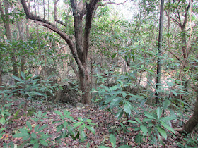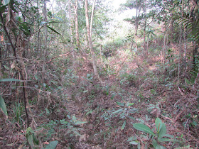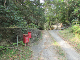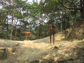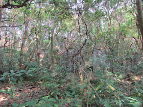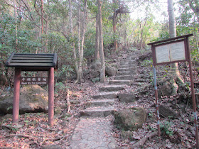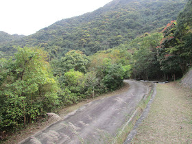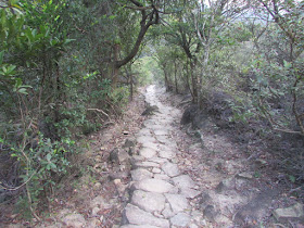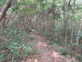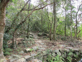 之後就找尋高塘古道落高塘,入口倒是有點隱蔽,較明顯的入口都只抵達電塔或墳墓。反覆找尋了一會,看到入口了,隨著高度的下降,路況引入樹林中,亦有不少人造的建設,如石磴古道或樓梯。半小時後,抵達高塘村後方的馬路,並穿北潭路依村徑往土瓜坪。
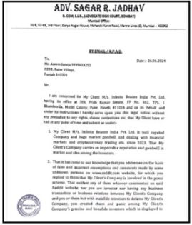 On June 26, 2024, a formal legal notice arrived from Advocate Sagar R. Jadhav (Bombay High Court) on behalf of Infinite Beacon India Pvt. Ltd.
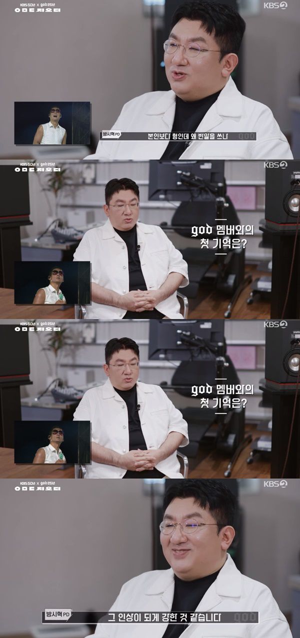god와의 재미있는 에피소드에 대해 방시혁은 "박준형 씨와 영어로 대화로 하는데 한국말로 나중에 대화를 하게 된 뒤에도 반말을 했다. 나중에 알았는데 멤버들이 저를 싫어했다고 하더라. 본인이 형인데 왜 반말을 하냐고 했다고"라고 설명해 웃음을 자아냈다.
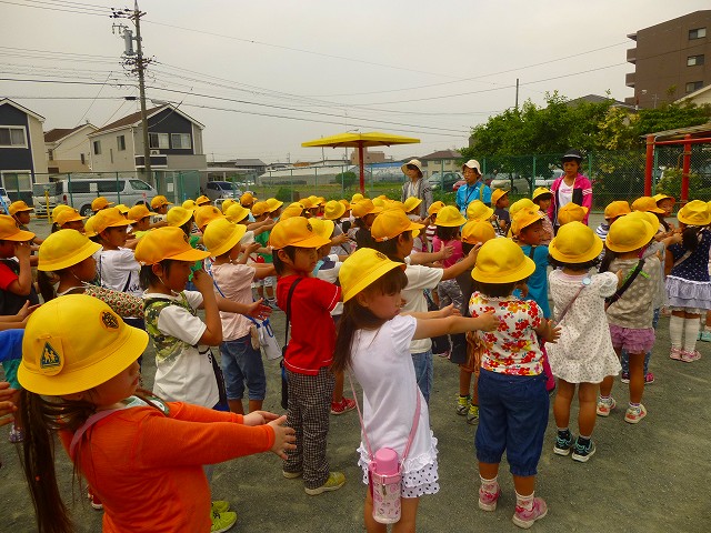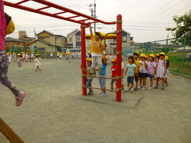 今日は学校の南側へ探検に出かけました。最後に到着した須原公園は、とても広く、たくさんの友達といろいろなことをして遊べました。ぶらんこやうんていに並ぶ子どもたちは、しっかりと順番を守って並ぶことができていました。整列も早くでき、団体行動に慣れてきたようにも思います。
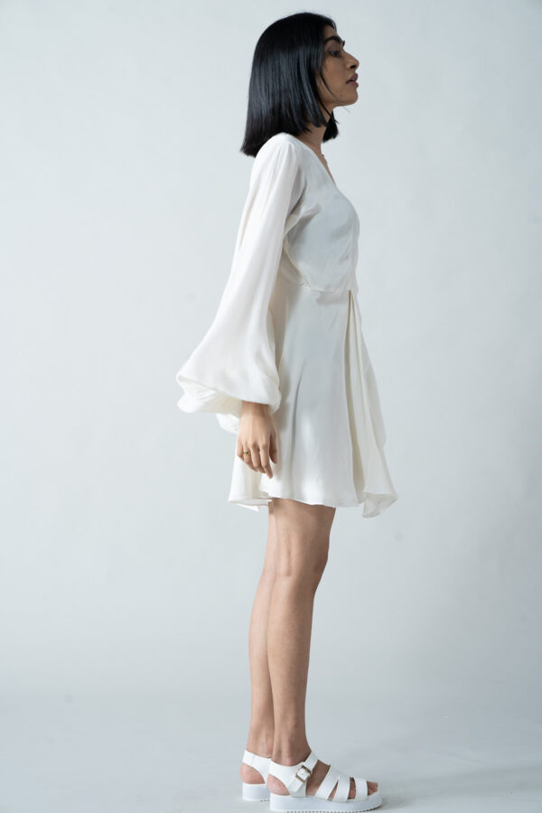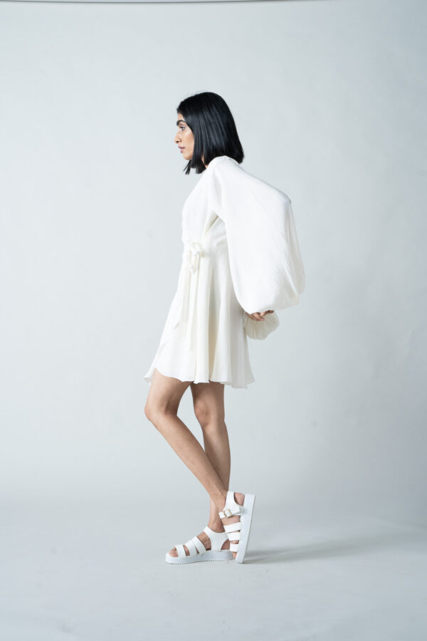 White Wrap-Around Dress with Vintage Voluminous Sleeves
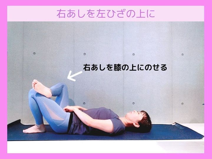 脚の付け根をさわりながら、右脚の足首を、左のヒザ上に乗せます。
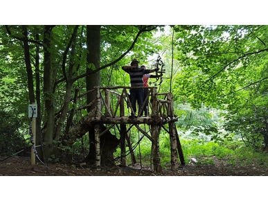 We are a club formed by Chris and Ben Jones the owners of Merlin Archery who have a love of field archery and IFAA/EFAA field in particular. They set out and have delivered a course and club facilities to rival any other club. We have a 28 target course and practice butts set over gently undulating mixed woodland, with the construction of a tree stand and the careful placement of targets a course full of interesting shots has been created.
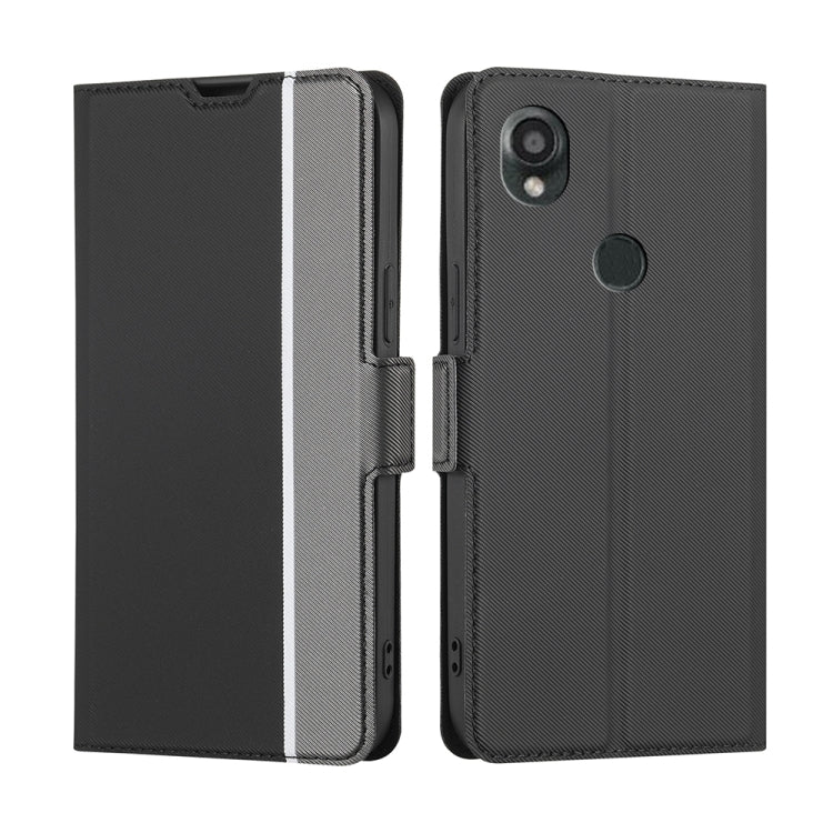 Funda para Kyocera Digno Sx3-Kyg02 de Cuero con Textura de Sarga y Botón Lateral (Negro)
======
Set the lines above down again, word for word, from the first through the one containing "On June 26, 2024, a"; pictures excluded.

** Response to the exercise **
 之後就找尋高塘古道落高塘,入口倒是有點隱蔽,較明顯的入口都只抵達電塔或墳墓。反覆找尋了一會,看到入口了,隨著高度的下降,路況引入樹林中,亦有不少人造的建設,如石磴古道或樓梯。半小時後,抵達高塘村後方的馬路,並穿北潭路依村徑往土瓜坪。
 On June 26, 2024, a formal legal notice arrived from Advocate Sagar R. Jadhav (Bombay High Court) on behalf of Infinite Beacon India Pvt. Ltd.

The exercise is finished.